Occasionally, bots and other automated scripts are used for social good. Citizens and civic groups are beginning to use bots, drones, and embedded sensors for their own proactive projects. Such projects, for example, use device networks to bear witness, publicize events, produce policy-relevant research, and attract new members.
It certainly takes a dedicated organization of people to construct and maintain a socially significant lie. But social media firms provide the platforms that can be used to distribute such content in a massive way. And this technology for distributing it is incredibly fast—in a sense, it automates lying. We will soon discuss how to assemble the different parts: the human trolls, combined with the bots described here, are components of a larger mechanism that can involve high-volume, high-frequency content production for particular communities with highly partisan content.

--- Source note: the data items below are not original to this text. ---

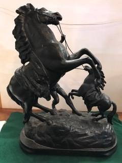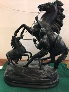 VERY RARE VINTAGE MAN AND -TWO HORSES- LARGE 340 mm x 400 mm HIGH SPELTER STATUE IN VERY GOOD CONDITION . THIS IS A VERY RARE STATUE WITH TWO HORSES ! EXCELLENT PRICE.
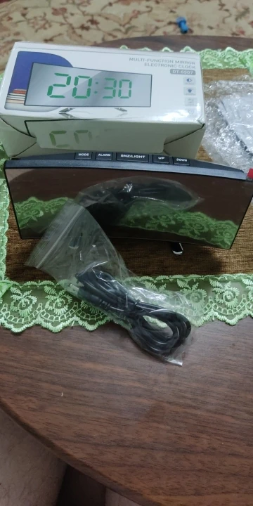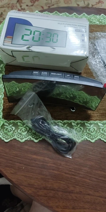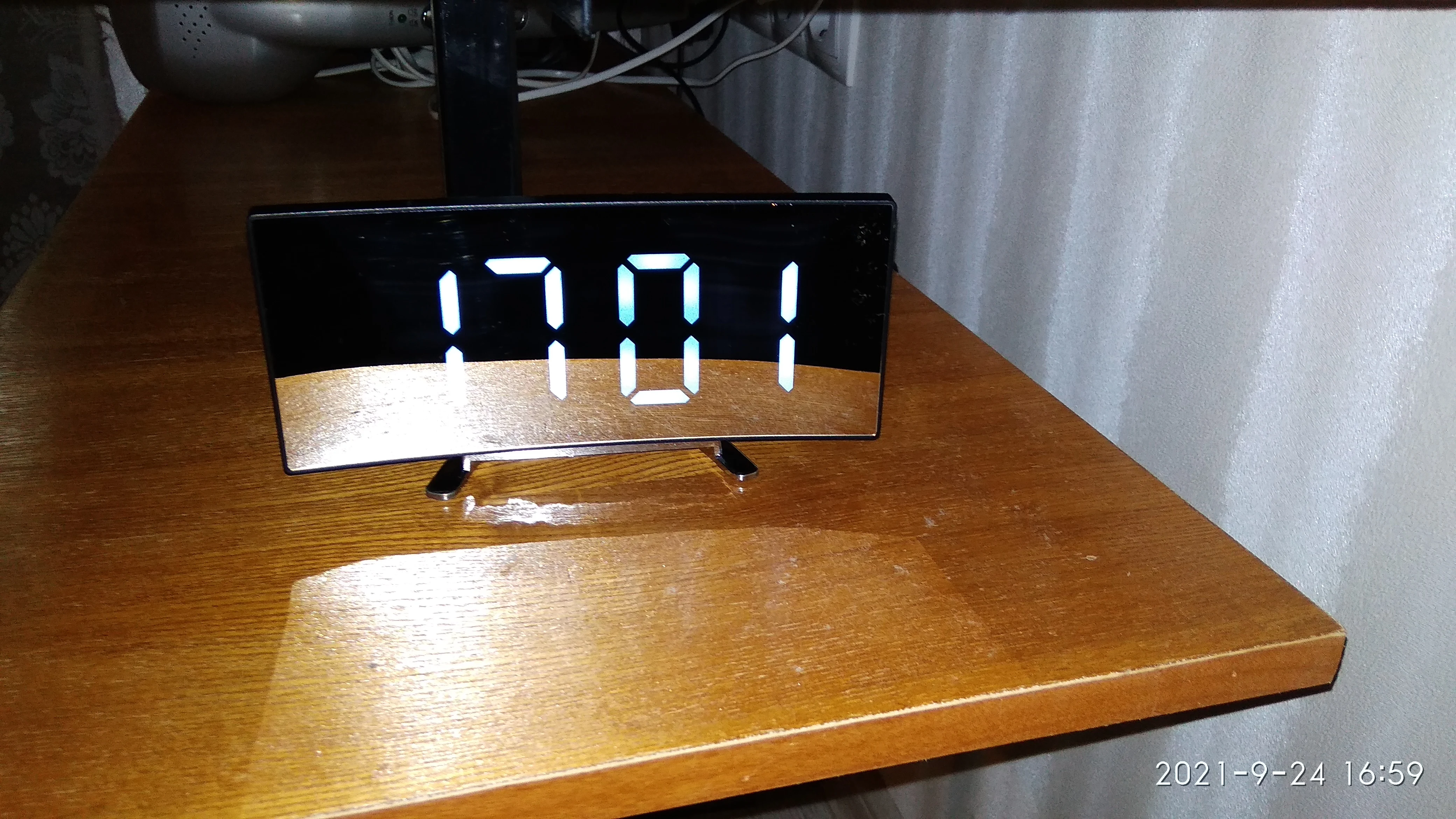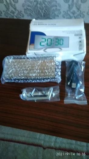 Заказал Sep. 06 2021. Продавец отправил заказ на следующий же день. 27 сентября посылку получил на почте. Трек был с полным отслеживанием, но на каком-то этапе 2 моих посылки объединили в одну и присвоили новый трек-номер с полным отслеживанием. Коробка была сильно помята, но содержимое не пострадало. На блестящей под хром подставке, видны чёрные точки. На ощупь шероховатые. Внешний вид, размеры и функционал соответствует заявленному. Питание от электросети (БП в комплекте нет, только USB-провод). Три батарейки ААА (в комплект не входят), видимо нужны для сохранения хода часов при отключении от электросети. Единственный минус - это синхронное с морганием двоеточия, "притухание" левого сегмента минут. С продавцом не общался.
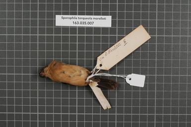| Keywords: Naturalis Biodiversity Center - RMNH.AVES.149878 2 - Presrophila torqueola morelleti (Bonaparte, 1851) - Emberizidae - bird skin specimen.jpeg artwork Dimensions artwork Document type Emberizidae Sporophila Individual count 1 Infraspecific epithet morelleti Infraspecific rank Institution Naturalis Kind of unit artwork Kind of unit specimen skin Life stage juvenile Middel-Amerika Puchidra Medium artwork Nomenclatural code Sex remark on label male juv on back side label femaleon original label female Occurrence ID page Other fields Other versions artwork Permission license Naturalis donation CC-0 Publication location Scientific name Presrophila torqueola morelleti Bonaparte 1851 Scientific name authorship Bonaparte 1851 male Source url http //bioportal naturalis nl Specific epithet torqueola State or province Subject keywords artwork Subject keywords publication Title artwork Title publication Type status Uploaded with GWToolset Naturalis_Biodiversity_Center_-_RMNH AVES 149878_2_-_Presrophila_torqueola_morelleti_ Bonaparte _1851 _-_Emberizidae_-_bird_skin_specimen http //medialib naturalis nl/file/id/RMNH AVES 149878_2/format/large Media donated by Naturalis Biodiversity Center Songbird specimens at Naturalis Biodiversity Center Sporophila Sporophila torqueola |

Even campaign managers admit that they are importing tactics from authoritarian regimes into democracies. As Patrick Ruffini, a Republican research and analytics firm founder, told Politico, “A lot of these unsavory tactics that you would see in international elections are being imported to the US.”39
The market for deceitful robots is a competitive one. The people who build and maintain such networks must create visually pleasing and sufficiently entertaining stories of political intrigue, hidden agendas, or malfeasance. The stories must contain enough realism about the situation that users accept the claims enough to click through, read more, and retain a few details and doubts. The story must be delivered by a relatively enclosed network of other accounts and other content that affirms and reinforces what people are seeing.
Now that we understand how social media algorithms are used by modern lobbyists, politicians, and foreign governments to disseminate information, we next need to examine the process of marketing a political lie.